I am in the process of studying for the 70-536 .NET Framework - Application Development Foundation Exam, as I have been programming .net for many years, this should not be hard!
However I am having to learn about “Code Access Security” (CAS), As I have never had a need to use or configure it, I was wondering if anyone else has found a real life usage for it?
Please provide examples of when you have used CAS and it has been part of the solution rather then the problem.
(So far everything else has had some relationship to task I have had to do in my years of .NET programming)
Related questions:
- Why to use CAS (Code Access Security)? - This has very few real world examples apart from how Microsoft uses it.
- Anyone really using Code Access Security to protect their assemblies and/or methods?
- What is Code Access Security in .NET - Defines CAS well, but does not give real examples.

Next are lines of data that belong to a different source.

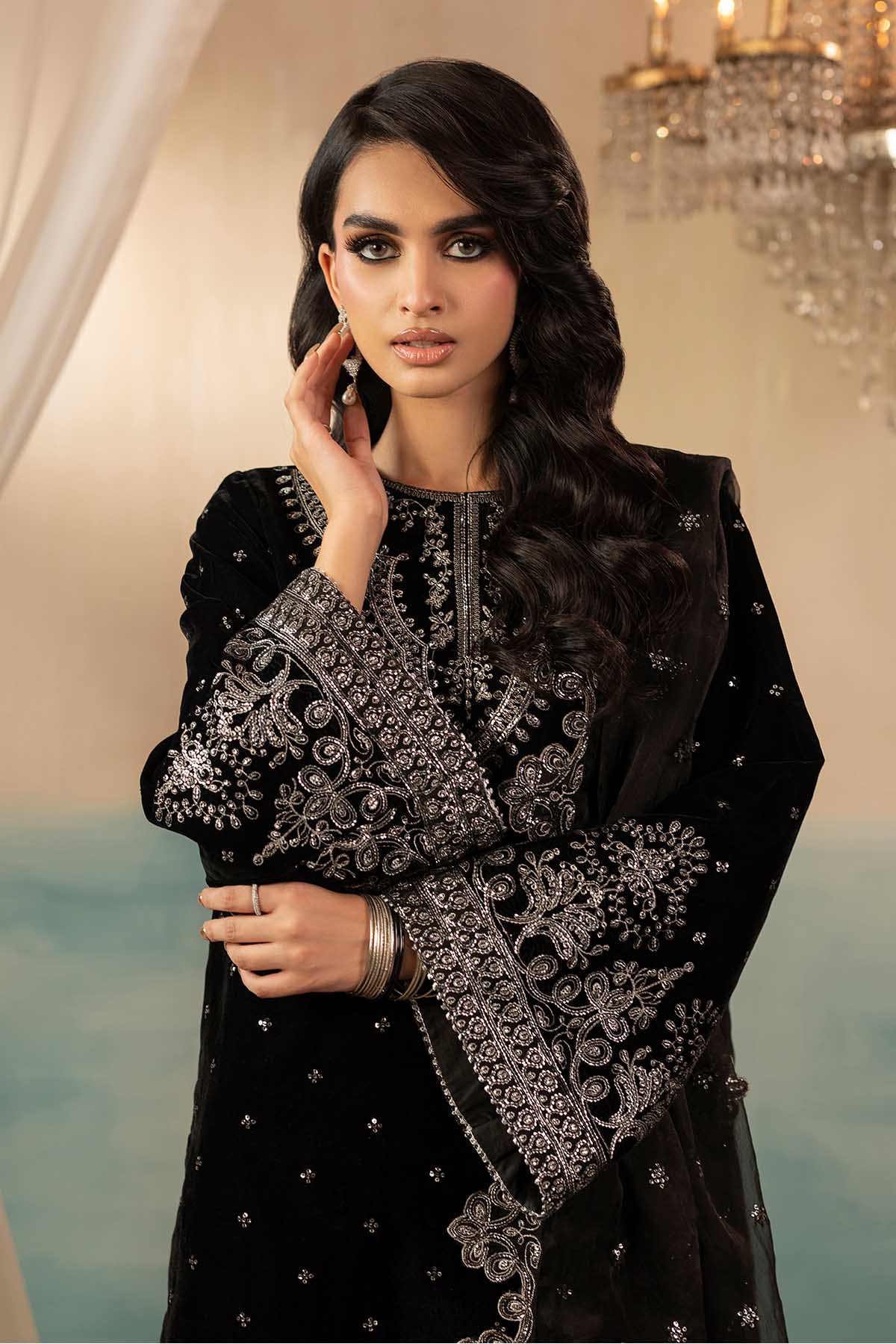 5670-KATIE EMBROIDERED VELVET UNSTITCHED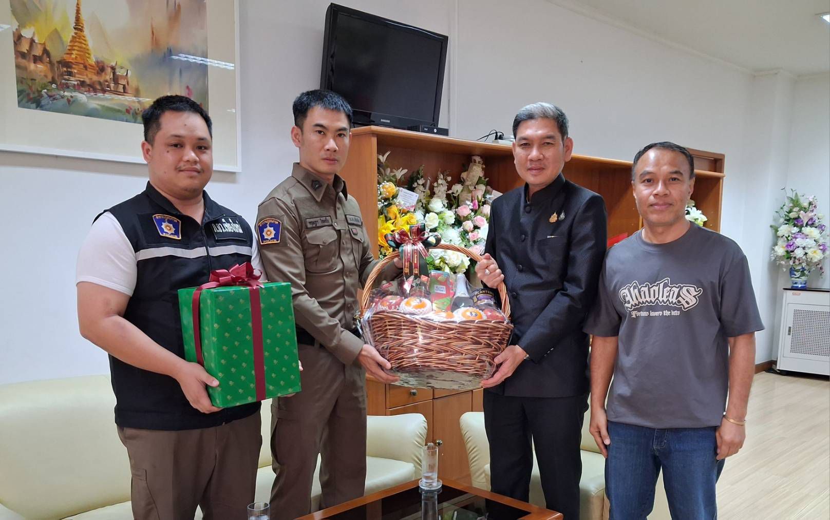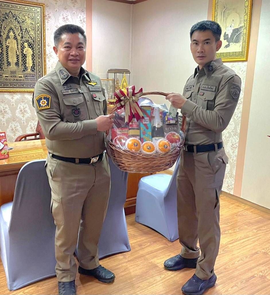 ภาค5 ถึงเจ้าตัวจะอยู่เมืองนอกแต่ก็ส่งตัวแทนมามอบกระเช้าให้ถึงที่ ด้วยรักและเคารพ ปีใหม่นี้ก็ขอให้ผู้รับและผู้ให้ โชคดีมีความสุขตลอดปี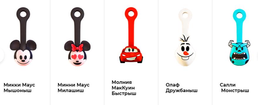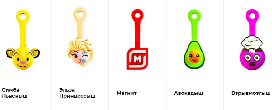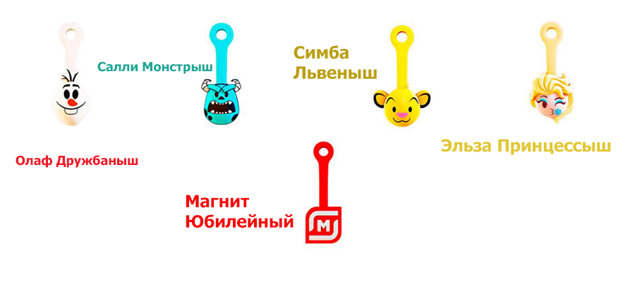 Невероятной популярностью пользовались красочные, яркие и веселые игрушки Магнита, которые раздавали за покупку специальных товаров и определенную сумму чеком. Эти брелки особенно понравились более мелким покупателям, ведь забавные мордашки застежек не могут оставить равнодушным никого.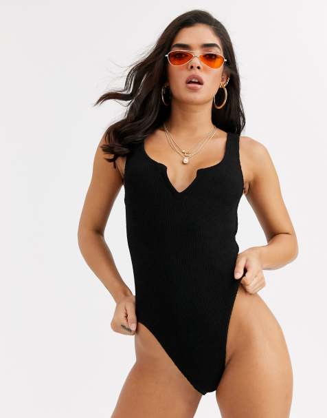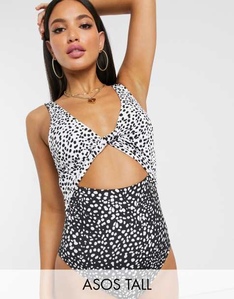 Asos swim swimwear one piece black mesh tie back halter triangle sz 10. Choose a matching set or express your individuality with our mix and match options. Stand out from the crowd on the sand or poolside with patterned swimming costumes by missguided or bag a sporty classic from nike.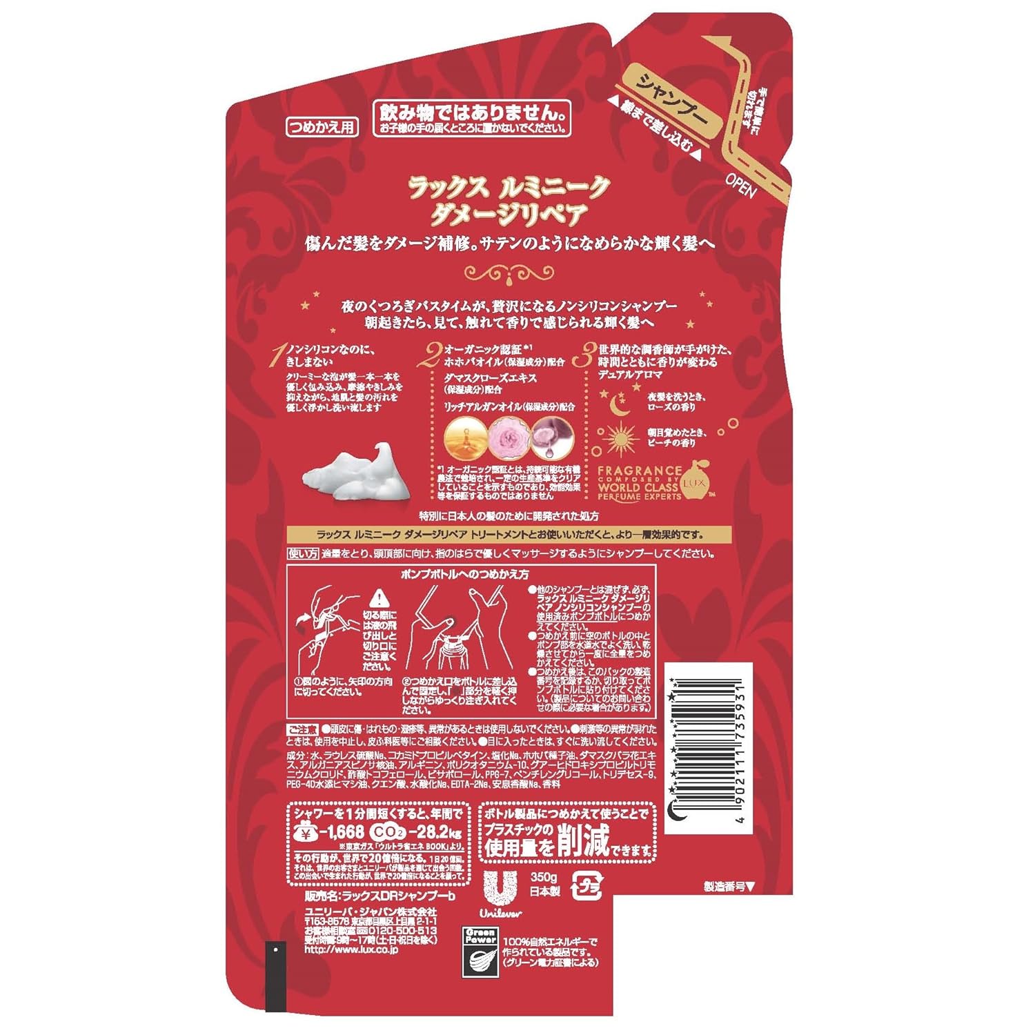 極上のクリーミー泡がダメージの原因となる摩擦やきしみをおさえ、優美なアロマで包みこむ。素髪へ導き、芯から補修し、サテンの様になめらかで、内から輝き放つ髪をもたらすリッチな贅沢ケア。優美で魅力的なアロマの香り。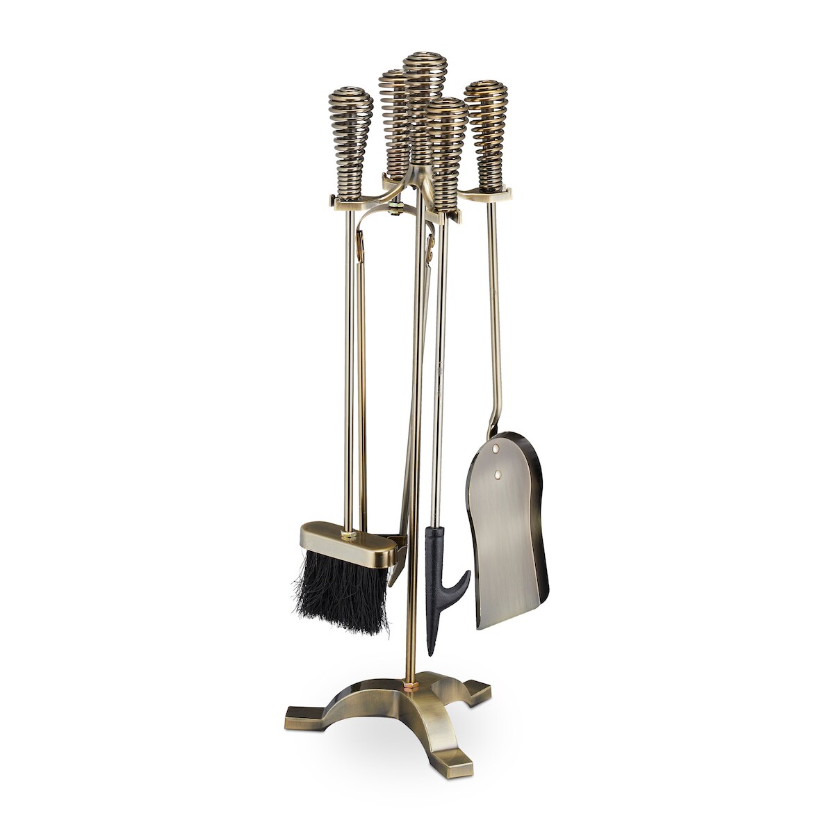 Relaxdays Kaminbesteck, 5-teiliges Set, Schürhaken, Ascheschaufel, Besen, Zange & Ständer, Kamingarnitur, Stahl, gold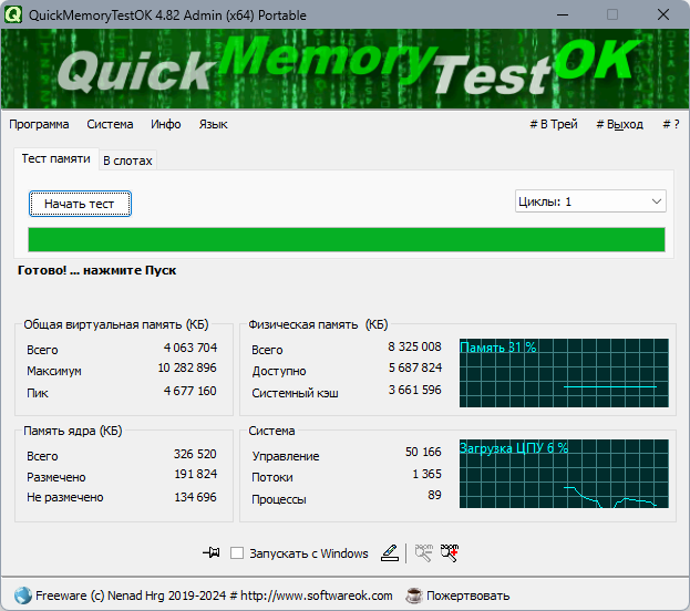 QuickMemoryTestOK — это небольшая, но очень эффективная утилита, предназначенная для быстрой диагностики ошибок оперативной памяти. Благодаря простому интерфейсу и минимальному потреблению ресурсов, программа идеально подходит как для профессиональных тестов, так и для домашнего использования.

- .NET Code Access Security: Useful or just overcomplicated?
Results so far.
CAS is useful when you are hosting 3rd party code. E.g. a web hosting company can use it to stop their customer's Asp.net code doing damage to the servers. (Office also make use of it when .NET is used as a replacement for VBA)
The only detailed example of it being used outside of a Microsoft application so far are:
A recent project I did had something similar: allow the user to upload a library, and test it for performance ("who makes the best algorithm"). Needless to say, we needed CAS heavily there.
CAS seems to be useful to get JITDC certification, that is like by the US department of defence, however I don’t know if CAS was of any real value, or if it was just box ticking.
(If you need to bypass a host that uses CAS and you have admin rights on them machine, you can just put your assemblies in the GAC.)
Looking forward, CAS is a bit less complex in .net 4.
At least it looks like the new Microsoft exams will not have a “foundation” exam that includes CAS. I don’t know if it will make it into the new Winforms/WPF exams.